Re: resources for network-based/hierarchical RDF store from Bradley Allen on 2007-04-30 (semantic-web@w3.org from April 2007)

From: Bradley Allen <ballen@siderean.com>
Date: Mon, 30 Apr 2007 12:34:38 -0700
To: Danny Ayers <danny.ayers@gmail.com>
CC: <semantic-web@w3.org>
Message-ID: <C25B92DE.77F0%ballen@siderean.com>

I thought I'd chime in on this discussion in the light of our announcement
today about breaking the billion-quad barrier in a pilot with Elsevier
(http://www.siderean.com/newsitem.aspx?pid=24) and add some additional gloss
to the information in that press release.

The benchmark we did with Elsevier was performed on a
hierarchically-clustered grid of 32 commodity Linux boxes, each running an
instance of Seamark Navigator. The RDF represented the bibliographical
information describing 40 million articles plus 10 million descriptions of
authors. The application was an end-user relational navigation interface
over the collection of articles and authors.

The principal difference between this approach and those in some of the
other large RDF stores discussed in this thread is the design emphasis on
sub-second query response under load for a relational navigation
application. In this type of application, a query is effectively equivalent
to several tens of SPARQL queries together with aggregate operators that are
returning facet value counts for selected attributes of matching resources,
along with additional queries to retrieve humanly-readable labels. That
being said, the cluster also admits of SPARQL queries against the RDF graph
in the manner of most other stores.

The RDF quads are automatically partitioned across the cluster on the basis
of rdf:type of a given resource and its related resources as necessary to
answer relational navigation queries without doing joins across cluster
nodes. Updates to the store are handled concurrently and incrementally.

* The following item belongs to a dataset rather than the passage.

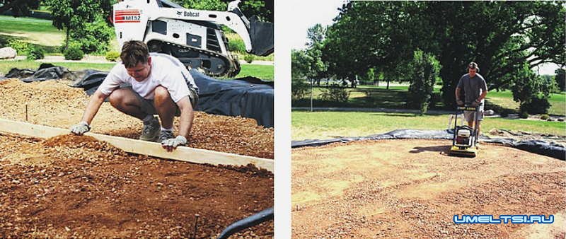 3. Засыпают площадку двумя слоями мелкого гравия, смешанного с песком, по 5-7 см каждый. Выравнивают первый слой и хорошенько трамбуют. Второй слой гравия ровняют по маякам, в качестве которых используют две трубы.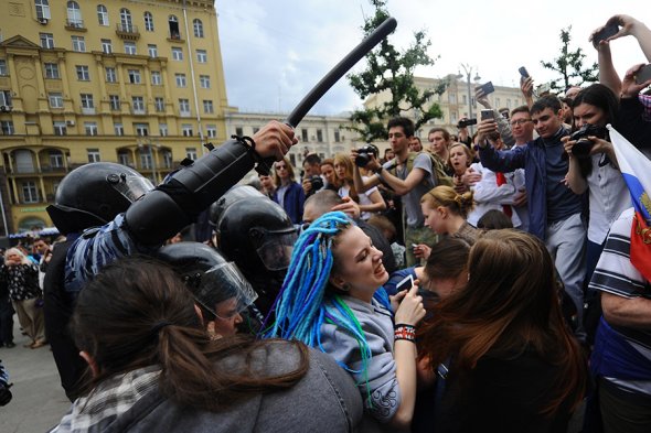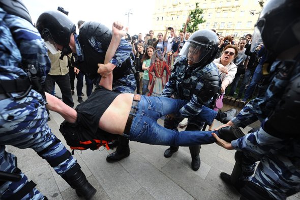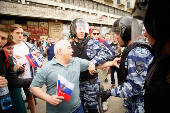 Во время акции протеста в центре Москвы в День России, 12 июня, были задержаны 866 человек, 32 из которых были оставлены на ночь в 11 отделениях полиции города, об этом сообщает «ОВД-Инфо» (организация оказывает поддержку задержанным).

The architecture today has the ability to be scaled to provide storage on
the order of 10 gigaquads simply by adding more nodes to the cluster.
Additional improvements in our development pipeline will add an additional
10x on top of that.

A secondary difference, in contrast to the Garlik store, is that this is a
commercially-supported software product as opposed to a hosted Web service,
although we do provide hosting for applications like the the Oracle
Technology Network Semantic Web (http://otnsemanticweb.oracle.com).

So, yes, Danny: not only is it doable, it's shipping. ;-) - regards, BPA

-- 
Bradley P. Allen
Founder and CTO
Siderean Software, Inc.
work: +1 310 647 5610
cell: +1 310 951 4300
skype: bpa777
YIM: bpallen777

On 4/27/07 3:58 AM, "Danny Ayers" <danny.ayers@gmail.com> wrote:

> 
> On 26/04/07, Andreas Langegger <andreas.langegger@gmx.at> wrote:
> 
>> We are working on a distributed query processor for SPARQL. Any pointers
>> are appreciated.
> 
> You probably have this already:
> 
> DARQ - Federated Queries with SPARQL
> http://darq.sourceforge.net/
> 
> A while ago Steve Harris suggested there might be a chance the *big*
> store they've developed for garlik.com could be open sourced.
> Listening to this podcast -
> 
> http://talk.talis.com/archives/2007/04/tom_ilube_talks.html
> 
> - apparently it can run on a cluster of generic Linux boxes. So at
> least we know it's doable ;-)
> 
> Cheers,
> Danny.

Received on Monday, 30 April 2007 19:34:45 UTC